Thursday, December 07, 2006

Finally, some pleasure

So as I kinda expected, Bob Archambeau has weighed in on pleasure & difficulty, with a rather detailed (& illustrated) “story thus far” post. Only niggling corrections I’d add would be that the business about anti-absorptive work enabling us better to see the “Other” is Josh, not me – me, I stuck with the “feeling in the bones” business without putting any chips down – yet – on a particular politico-ethical mechanism. And I’m not exactly full-throttledly endorsing the “Difficult = Anti-Absorptive [Chas Bernstein / Veronica Forrest-Thomson’s term, by the way, not Silliman’s] = Ethical.” And while I entirely agree with Bob’s call for “data” – something like the “thick description” I hankered for last post – I think one of the crucial disagreements we might have is over this the business of “difficult for whom.” Bob sez, in response to Eric’s point about his students’ struggles with what seem to us like “immersive” texts, that
something like Language Poetry isn't necessarily "difficult" to its primary readership: other language poets and the profs who swarm around them.
And again, in response to something of Eric’s:
there's the point (implicit, I think, in Eric's piece) that difficulty is something experienced by the reading subject, rather than inherent in the textual object. What's difficult for me may be easy for you, and vice-versa. This goes for all schools of "difficult" poetry. I mean, the formidably difficult works of Modernism have become pretty straightforward to thousands and thousands of readers over time, as we (I fear that is the professorial "we") have internalized the linguistic conventions with which they were written.
I think we're dealing with another slippage in terms here. In re the 1st quotation: Sure, Langpo isn't "difficult" to its primary readership in one sense – that is, we (speaking as someone who's taught Barrett Watten, Lyn Hejinian, John Wilkinson, & Tony Lopez to just deliriously enthusiastic students over the past couple years [irony alert]) may have a few more readerly tricks up our sleeves than readers more accustomed to straightforwardly "immersive" texts, but really the big difference is that LangPo's primary readership just isn't as concerned with issues of coherence & meaning – that it has a certain "negative capability" about the kinds of thematic, narrative, argumentative closure that one encounters in the average New Yorker lyric. We've learned to stop worrying and love the bomb of disjunctive polysemic indeterminacy – but that doesn't make the work itself less disjunctively polysemically indeterminate.

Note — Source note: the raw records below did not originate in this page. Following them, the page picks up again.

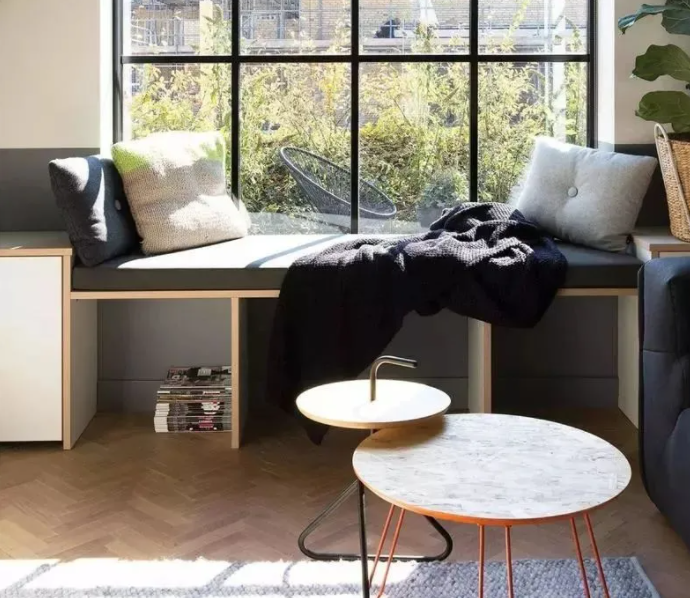 对于客厅没有阳台,甚至采光比较弱的情况,又希望客厅能够有一个类似阳台功能的区域,AG真人可以利用定制家具做一个卡座形式的内飘窗,既可以做休闲区又可以储物。
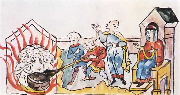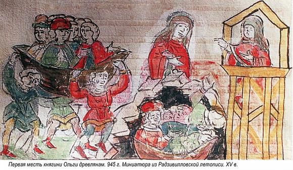 У могилы Игоря велела она насыпать большой курган, а древлянам наказала принести медов побольше. По обычаю, у могилы устроили военные игрища. После них отроки княгини пили с древлянами до беспамятства. Когда те заснули, подошла дружина киевская и порезала всех. Число их, как гласит летопись, было около 5000. Но и этого оказалось мало княгине.
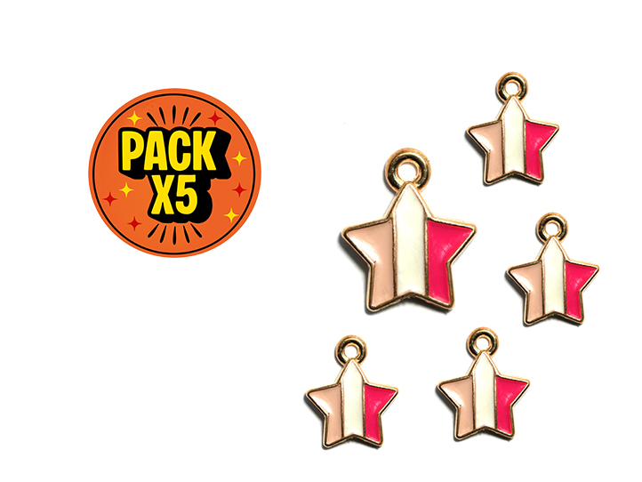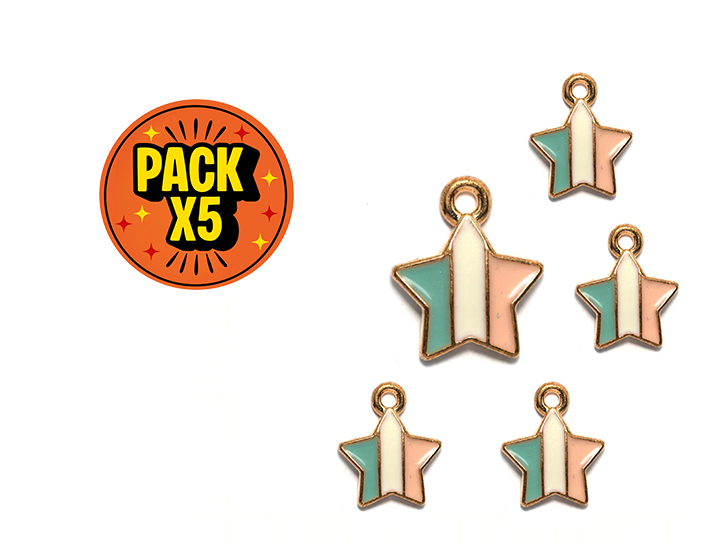 DIJE ESMALTADO x5unid. ESTRELLA MULTICOLOR MODELO 2 CHICA c/DORADO (DB)

2ndly, in re the longer passage: I think this's true of much modernist writing as well – yes, two generations later. It's just that we've gotten used to the demands of modernist writing, not that it's gotten any simpler or any less "difficult." Try this on your own pulses: Do you honestly feel that "Anglo-Mongrels and the Rose" or The Anathemata have become easy poems? We know a lot more about how to read them, thanks to people like Keith Tuma, Maeera Shreiber, & Thomas Dilworth, but they still require an expenditure of effort that marks them as – well – difficult.
***
Eric is also back at bat, throwing out ideas like Stephen Hawking with an injection of monkey glands. And I'd respond, but I've got a big stack o' tests a-gradin' like everybody else; what I really wanted to do today was to draw your attention to something that gave me a big burst of pleasure last night – my first dip (ashes on my head!) into W.S. Graham. I have no idea, given my own semi-sentimental-semi-scholarly interest in Scottish lit, and given Tony Lopez (from whom I'd buy a used car any day)'s enthusiastic endorsement, why I haven't gotten around to reading Graham before. This, for instance:

What Is The Language Using Us For? (first poem)

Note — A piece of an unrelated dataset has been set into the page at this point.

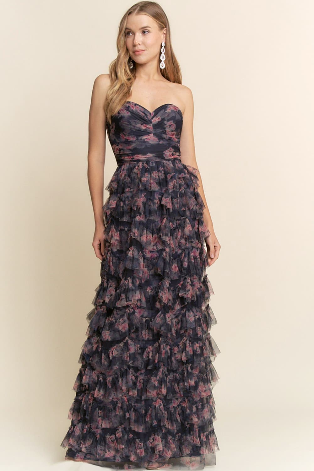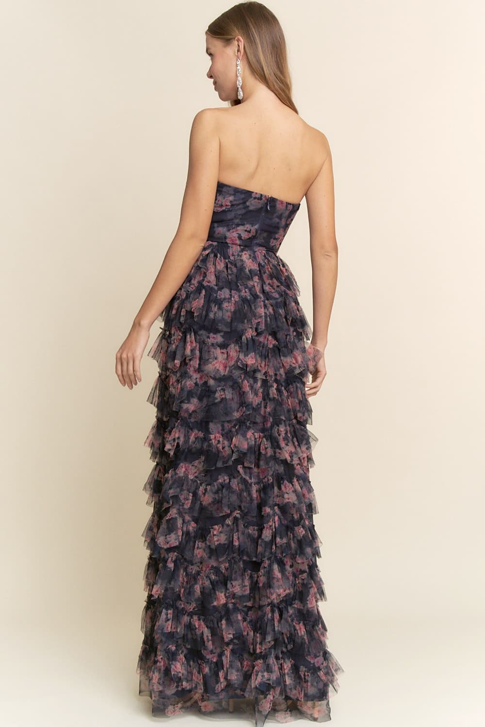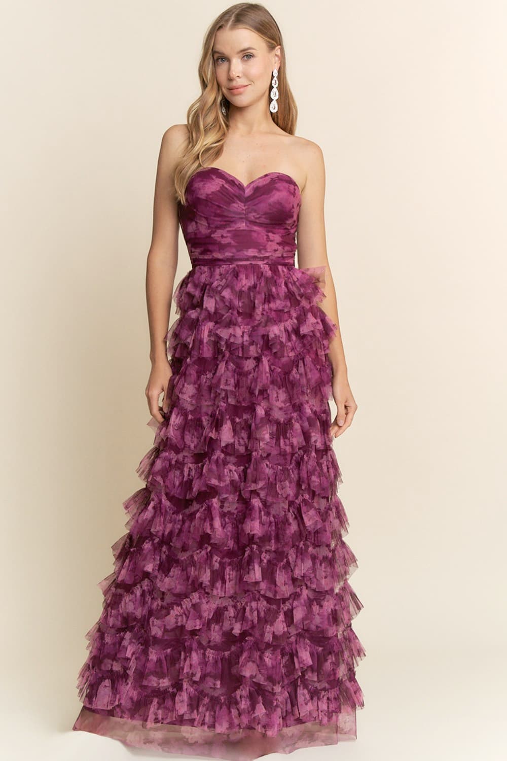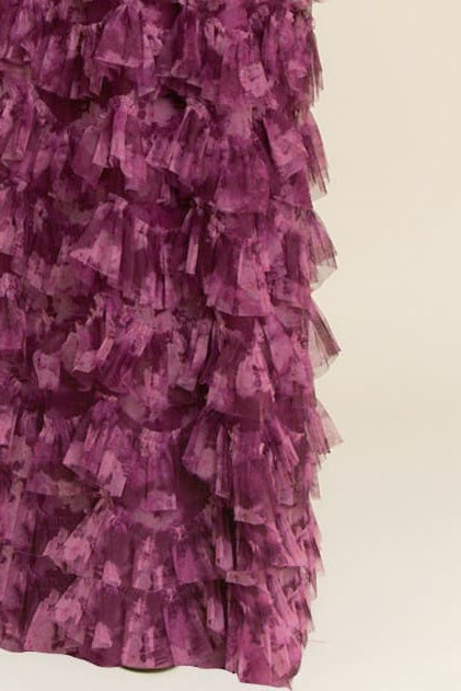 Beautiful watercolor maxi dress in purples and magenta with tiered ruffled skirt.

What is the language using us for?
Said Malcom Mooney moving away
Slowly over the white language.
Where am I going said Malcolm Mooney.

Certain experiences seem to not
Want to go in to language maybe
Because of shame or the reader's shame.
Let us observe Malcolm Mooney.

Let us get through the suburbs and drive
Out further just for fun to see
What he will do. Reader, it does
Not matter. He is only going to be

Myself and for you slightly you
Wanting to be another. He fell
He falls (tenses are everywhere.)
Deep down into a glass jail.

I am in a telephoneless, blue
Green crevasse and I can't get out.
I pay well for my messages
Being hoisted up when you are about.

I suppose you open them under the light
Of midnight of The Dancing Men.
The point is would you ever want
To be down here on the freezing line

Reading the words that steam out
Against the ice? Anyhow draw
This folded message up between
The leaning prisms from me below.

Slowly over the white language
Comes Malcolm Mooney the saviour.
My left leg has no feeling.
What is the language using us for?

2 comments:

Henry Gould said...

Hi Mark,

I joined this pleasing fray over at me bloog.

Unknown said...

Just wanted to say that I'm a big W.S. Graham fan, though all I've read is the Selected Poems. Pleased to see you take notice of him. He's like a Language poet who's got rhythm.